The characteristics that affect the output must be investigated. For example, some of the features in the table of the database do not have any effect, such as the identification number ID of the patient. This is neglected or removed from the data, and this stage is called the selection of features. The next stage is the stage of scaling the features, in which it can be reduce the differences between the numbers that represent these features within a specific standard, then the data is divided into data for training and others for testing, and this is what is known as data splitting. This indicates that the initial stage of the work is to adjust the data used in order to train the model more effectively and efficiently.
Cleaning the data is one of the most important steps after collecting the data, which are divided into twelve characteristics.
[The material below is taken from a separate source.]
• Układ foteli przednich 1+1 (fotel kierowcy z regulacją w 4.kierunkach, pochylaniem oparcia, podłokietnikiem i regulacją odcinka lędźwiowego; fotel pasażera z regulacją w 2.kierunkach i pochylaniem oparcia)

The ID column is ignored because it does not affect the construction of the model. One of the important steps that must be taken is to check the data if there are missing or empty values, and the BMI column contains empty cells. In this case, the most common value can be placed, or an arithmetic average of the values can be taken and placed in the blanks, also from the important steps. Here, the literal data is converted to numeric to be understood by the computer. In this type of database, there is data that must be converted to digital, such as gender, married or not, type of work, and smoking status. If this data is converted to digital, it is difficult to understand and receive it by the algorithms used.
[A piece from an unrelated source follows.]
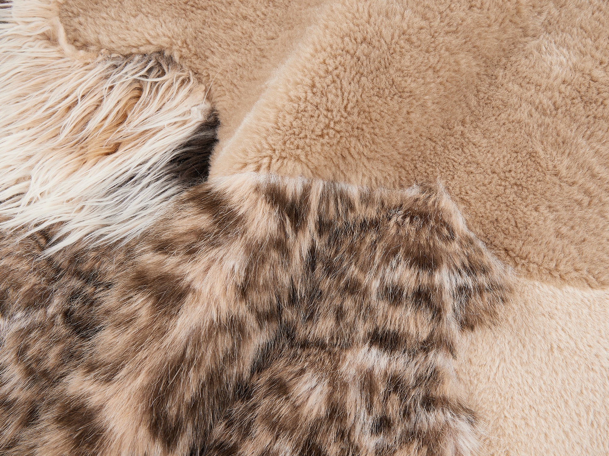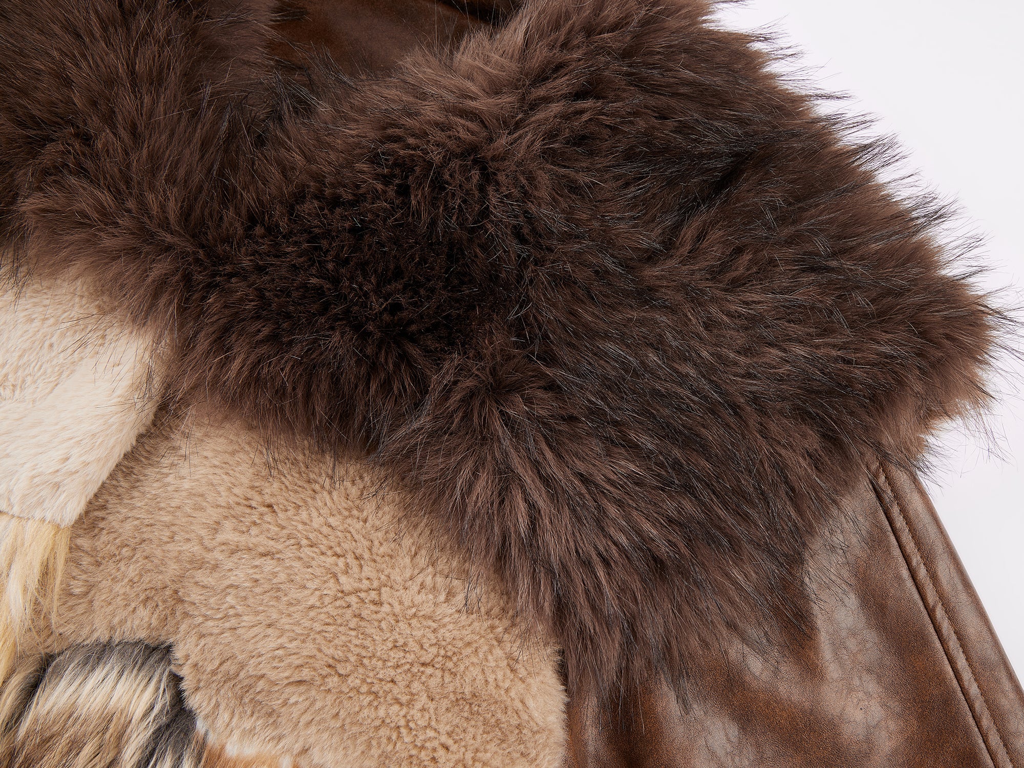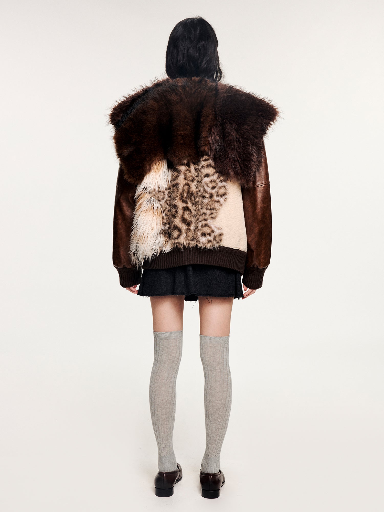 Eight types of textured faux fur pair with PU leather sleeves in this naval-collar varsity jacket. Asymmetric edges add boldness and flair.

Figure 2. Procedure of working
The data set approved in this work consists of 5110 rows, and of these rows, 4861 of them are for cases that do not suffer from stroke, while 249 are aunts, and this represents an imbalance in the data. When using this data, it may obtain high accuracy, but other accuracy measures such as retrieval and accuracy may not be sufficient, and therefore the results will be incorrect and the expectations obtained are important. The dataset was balanced using the Synthetic Minority Over-sampling Technique (SMOTE) method for an effective model by using the Random Oversampling (ROS) approach, which is one of the Python tools to balance the data.
To limit the features between -1 and 1 in order to normalize them, MinMaxScaler tools were used. Next, the principle of statistical principal component analysis (PCA) was used, which chooses the minimum number of principal components. After the unbalanced data set has been managed and the data has been prepared, the model construction step starts. 20% of the data are test data, while the remaining 80% are training data. The accuracy and effectiveness of this function are improved by training the model with a variety of post-split classification methods.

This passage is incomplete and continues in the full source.